- _WHAT THE EXERCISE ASKS_
The entries are to be output word for word, with the pictures omitted.

Stored items from a collection
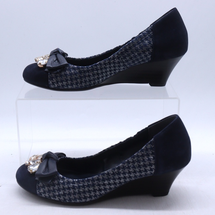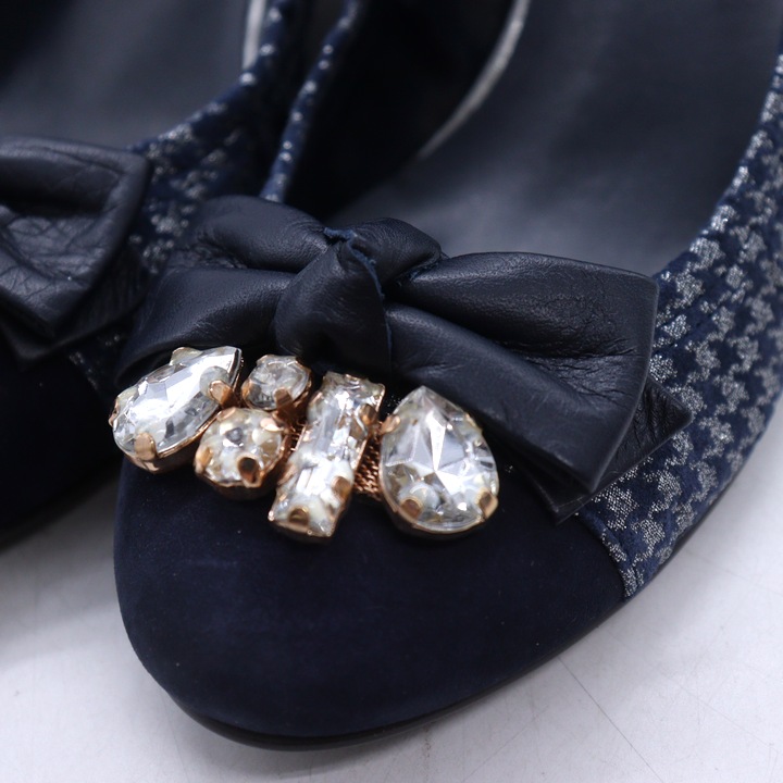 ダイアナ パンプス ラウンドトゥ ウエッジソール ブランド 靴 シューズ 日本製 レディース 22.5サイズ ネイビー DIANA 【中古】
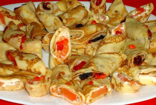 Если у вас слабые нервы, то вам лучше не браться за приготовление этих блинчиков, поскольку они очень трудно пекутся. Но тем, кого не страшит такая перспектива, рекомендуем сделать эту невероятно вкусную и нежную закуску, которая без сомнения станет главным блюдом на столе.
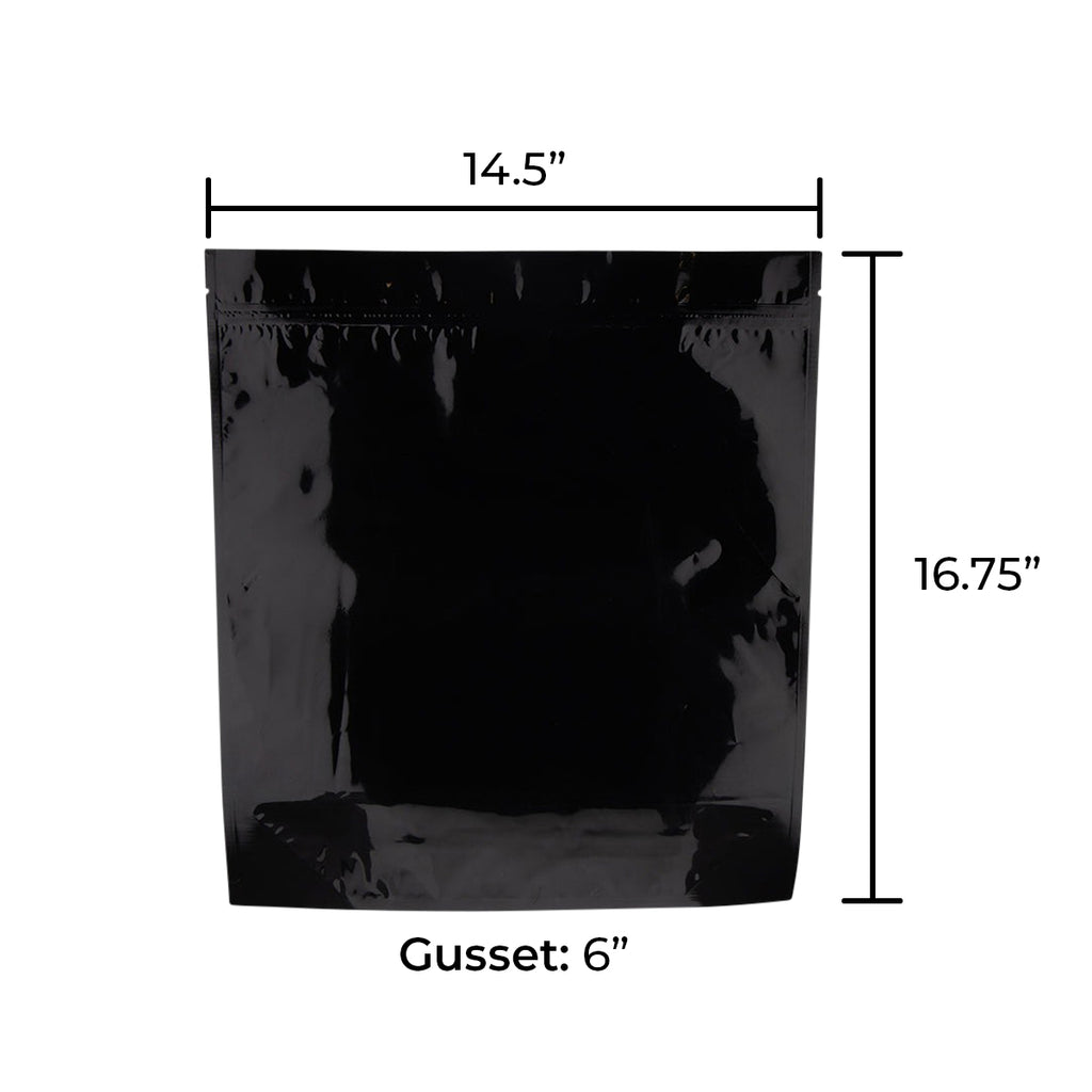 Secure, stylish, and functional — these Tamper Evident Glossy Black Vista Mylar Bags are the ultimate packaging solution for cannabis brands and retailers. Measuring 14.5" x 17" and built to hold up to 448 grams (1 pound), these smell-proof mylar bags feature a sleek glossy black back paired with a clear vista front panel for a perfect product display.
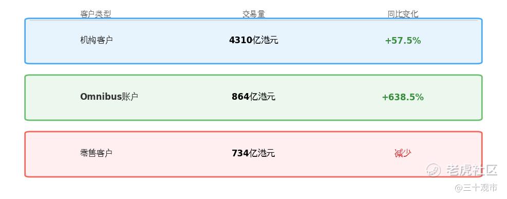 毛利率从73.9%降到56.5%,有人担心。但这事儿得这么看:交易毛利率41%确实低了,但换来的是机构客户爆发。这叫"以价换量",锁定的都是大资金、长周期的专业玩家,比散户高频交易稳定得多。
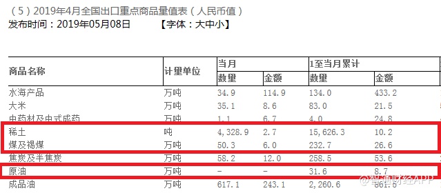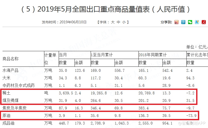 另外,5月原油出口为3.9万吨,累计金额为1.1亿元,4月时无出口原油;煤及褐煤出口31.9万吨,累计金额为4亿元,较4月的50.3万吨下降37%,较4月的6亿元减少2亿元。
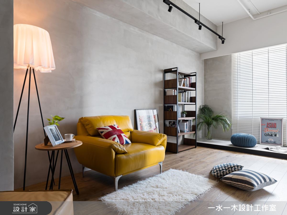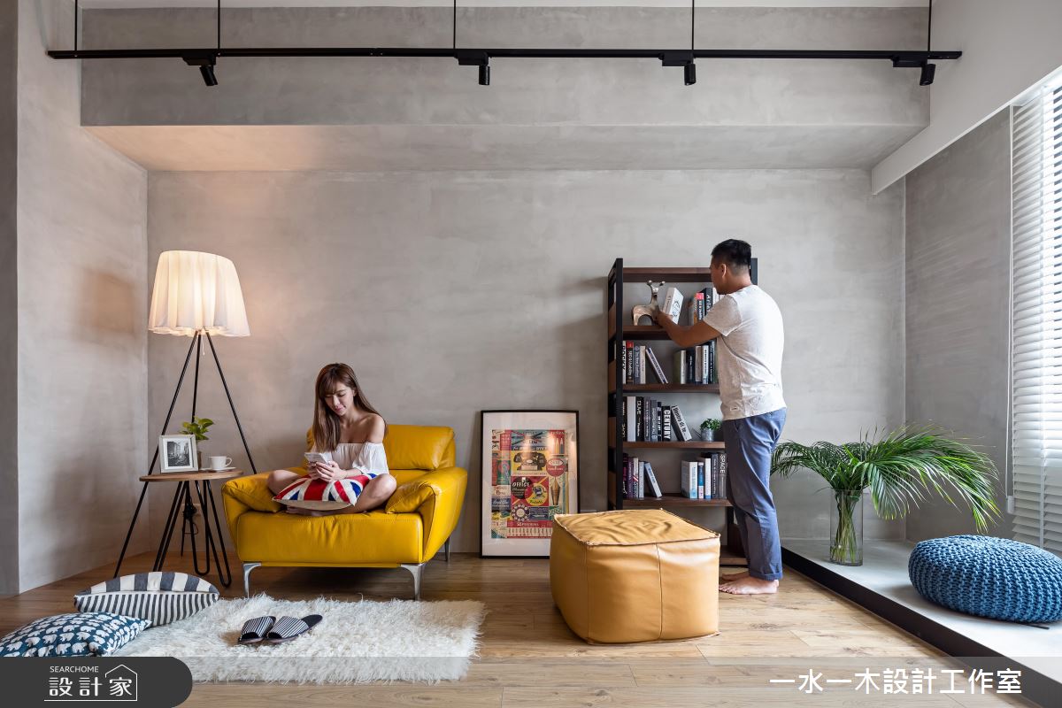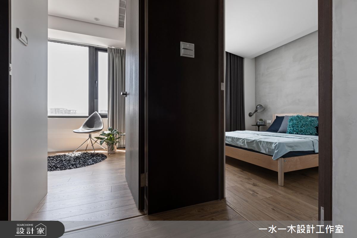 設計團隊重新調整格局配置,全室以開放式設計串連客廳與餐廚空間,玄關僅以水泥與木質地坪材質做出區分。保留天化原始高度與樑柱,並順應軸線鋪設木地板,達到空間放大、視覺延伸的目的。電視牆結合收納櫃,並以樺木夾板點綴,為輕工業風格注入暖意,客廳採移動式家具隨時根據需求轉換樣貌,臨窗特意微高起的臥榻向後方廚房延伸並兼具地坪機能。開放餐廚中間以吧台結合餐桌,創造多元用度,並將廚房延窗設置,讓烹飪時光佐以明麗窗景。 L 型空間底部為私領域空間,設計師貼心設計左側房間,可規劃為多元應用的兒童房。

- _EXERCISE ANSWER_
 ダイアナ パンプス ラウンドトゥ ウエッジソール ブランド 靴 シューズ 日本製 レディース 22.5サイズ ネイビー DIANA 【中古】
 Если у вас слабые нервы, то вам лучше не браться за приготовление этих блинчиков, поскольку они очень трудно пекутся. Но тем, кого не страшит такая перспектива, рекомендуем сделать эту невероятно вкусную и нежную закуску, которая без сомнения станет главным блюдом на столе.
 Secure, stylish, and functional — these Tamper Evident Glossy Black Vista Mylar Bags are the ultimate packaging solution for cannabis brands and retailers. Measuring 14.5" x 17" and built to hold up to 448 grams (1 pound), these smell-proof mylar bags feature a sleek glossy black back paired with a clear vista front panel for a perfect product display.
 毛利率从73.9%降到56.5%,有人担心。但这事儿得这么看:交易毛利率41%确实低了,但换来的是机构客户爆发。这叫"以价换量",锁定的都是大资金、长周期的专业玩家,比散户高频交易稳定得多。
 另外,5月原油出口为3.9万吨,累计金额为1.1亿元,4月时无出口原油;煤及褐煤出口31.9万吨,累计金额为4亿元,较4月的50.3万吨下降37%,较4月的6亿元减少2亿元。
 設計團隊重新調整格局配置,全室以開放式設計串連客廳與餐廚空間,玄關僅以水泥與木質地坪材質做出區分。保留天化原始高度與樑柱,並順應軸線鋪設木地板,達到空間放大、視覺延伸的目的。電視牆結合收納櫃,並以樺木夾板點綴,為輕工業風格注入暖意,客廳採移動式家具隨時根據需求轉換樣貌,臨窗特意微高起的臥榻向後方廚房延伸並兼具地坪機能。開放餐廚中間以吧台結合餐桌,創造多元用度,並將廚房延窗設置,讓烹飪時光佐以明麗窗景。 L 型空間底部為私領域空間,設計師貼心設計左側房間,可規劃為多元應用的兒童房。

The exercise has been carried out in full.